Se un obiettivo non è desiderabile non è un vero obiettivo ma un compito, o al massimo un problema da risolvere. Quindi una cosa subìta, che può anche coinvolgerci ma che non ci entusiasma.
Se un obiettivo è desiderabile ma non è raggiungibile, allora è un desiderio: qualcosa di altamente motivante ma che resta nell’ambito dei sogni, rifuggendo dalle azioni concrete per raggiungerlo.

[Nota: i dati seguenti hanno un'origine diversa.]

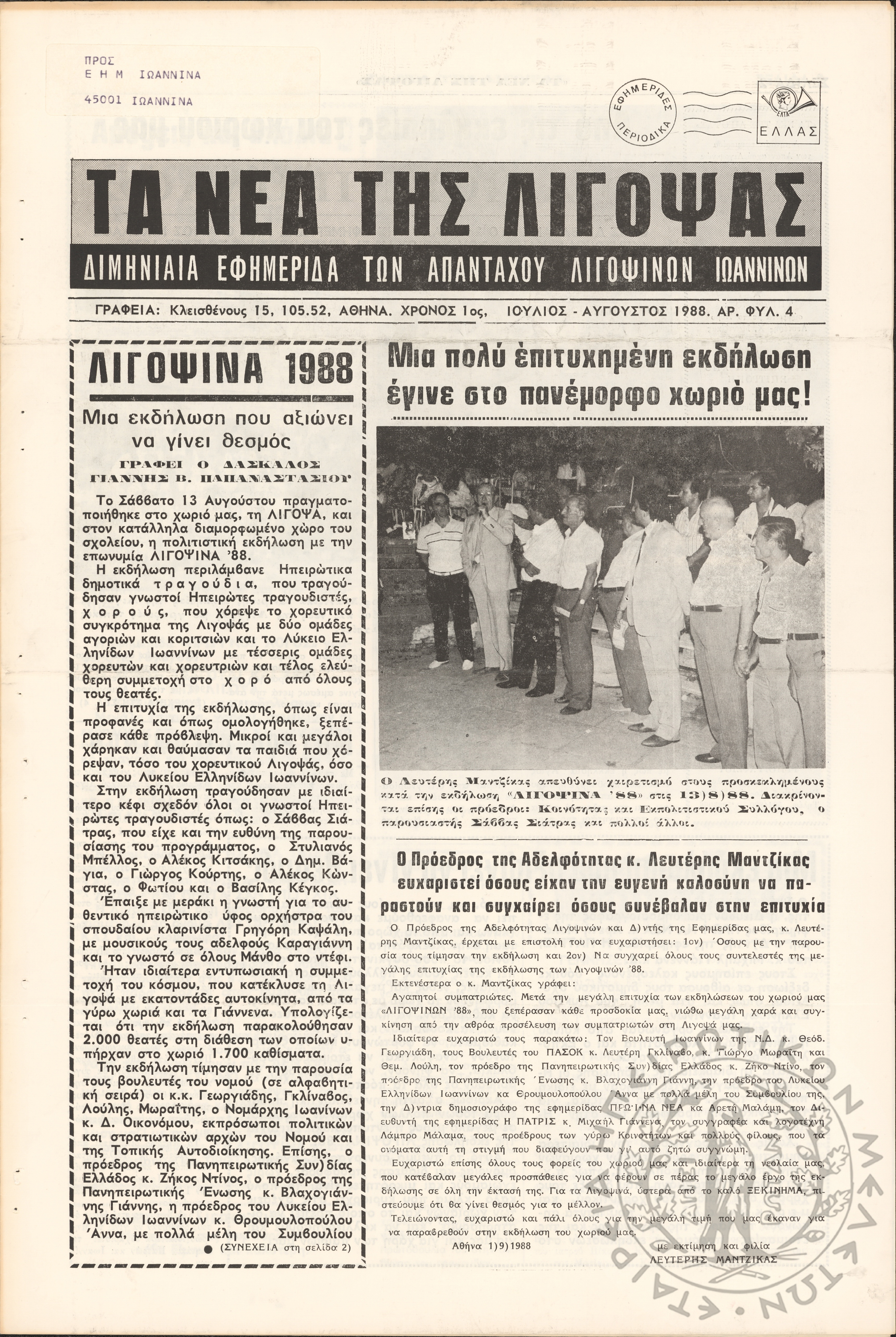 Τα νέα της Λιγοψάς: διμηνιαία εφημερίδα των απανταχού Λιγοψινών Ιωαννίνων, 1988, φ. 4Έτος 1ο, αρ. φ. 4...
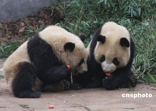 兩只幼熊貓?jiān)谘虐脖谭鍗{熊貓基地熊貓幼兒園吃食物。 中新社發(fā) 郭國(guó)權(quán) 攝
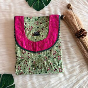 Green Floral Printed Premium Cotton Hakoba Lace Nighty | Free Size | Chest Width 44″| Length 54″-56″
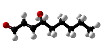 4-Hydroxynonenal, or 4-hydroxy-2E-nonenal or 4-hydroxy-2-nonenal or 4-HNE or HNE, (C9H16O2), is an α,β-unsaturated hydroxyalkenal that is produced by lipid peroxidation in cells. 4-HNE is the primary α,β-unsaturated hydroxyalkenal formed in this process. It is a colorless oil. It is found throughout animal tissues, and in higher quantities during oxidative stress due to the increase in the lipid peroxidation chain reaction, due to the increase in stress events. 4-HNE has been hypothesized to play a key role in cell signal transduction, in a variety of pathways from cell cycle events to cellular adhesion.[2]
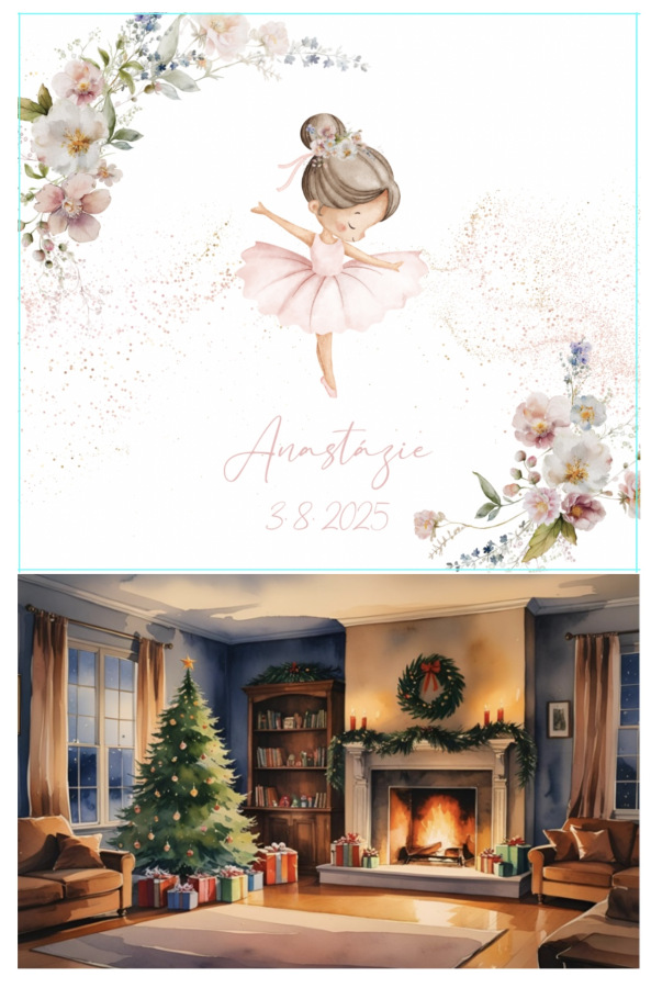Baletka - formát A4, desky bílé, 40 bílých listů, světle růžová stuha, grafika odsouhlasena (baletka s květinami), + kapsa na drobnosti 10x15 (upřesnit barvu). Cena 1189,-

Ogni buon gioco ha una seconda forte caratteristica: c’è sempre un fallimento. Strano, perché a nessuno piace fallire, eppure i giocatori passano anche l’80% del loro tempo a fallire. E lo fanno godendo, eccitati, ottimisti. Il punto è che tanto più falliscono, tanto più sono motivati a fare meglio, a provare di nuovo perché andrà meglio. Finché arriva il giorno in cui li padroneggiano a tal punto da esserne annoiati, e li abbandonano. Questo ci fa pensare che non sia tanto il successo a legarli al gioco, quanto qualcosa che ha a che vedere con l’apprendimento: i giochi eliminano la nostra paura di fallire perché ci proiettano in una cornice cosiddetta “feedback”, entro la quale possiamo misurarci in modo incrementale. Il successo in sé, paradossalmente, dà piacere ma ci lascia anche un vuoto, la perdita di qualcosa di interessante da fare.
Ecco quindi la seconda riflessione da trasportare in ambito lavorativo: in che modo creare una cornice-feedback entro cui sia possibile lavorare su obiettivi incrementali, permettendosi prove ed errori, valorizzandoli come apprendimento?